Spin-offs May Be Required To win approval, the companies may be forced to make concessions, such as selling or spinning off operations that cater to as many as 12 million subscribers, Nelson estimates. As a foreign acquirer, Deutsche Telekom would also be subject to an exacting review by the Committee on Foreign Investment in the U.S., which examines foreign purchases to ensure they don't diminish national security.
Then there's the matter of combining the two companies' incompatible networks. The two companies use a total of three different incompatible wireless technologies and T-Mobile has been a laggard in migrating to so-called 3G wireless technology, capable of helping users download information from the Web at higher speeds. Getting both companies on the same technological page would make it harder to achieve hoped-for cost benefits of a deal.

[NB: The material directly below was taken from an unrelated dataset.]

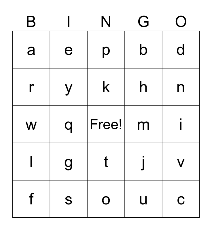 This bingo card has a free space and 26 words: t, u, k, s, d, a, r, e, i, j, h, w, v, f, q, x, b, l, p, c, n, o, m, g, y and z.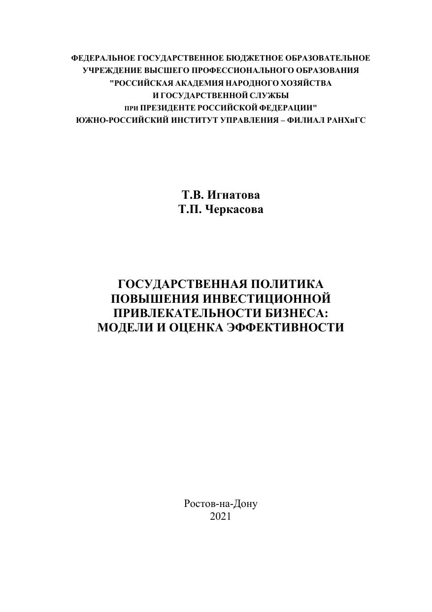 Государственная политика повышения инвестиционной привлекательности бизнеса: модели и оценка эффективности

There's little doubt that the companies need avenues for growth. In the quarter that ended June 30, Sprint lost 257,000 subscribers and $384 million. While it's still adding subscribers, T-Mobile's user growth has slowed significantly and sales for the June quarter declined 2.3%, to $5.34 billion. "Our mobile communications business in the USA generates a mixed picture," Deutsche Telekom CEO René Obermann said at a conference in August.
Too bad a combination with Sprint may do little to make the picture clearer.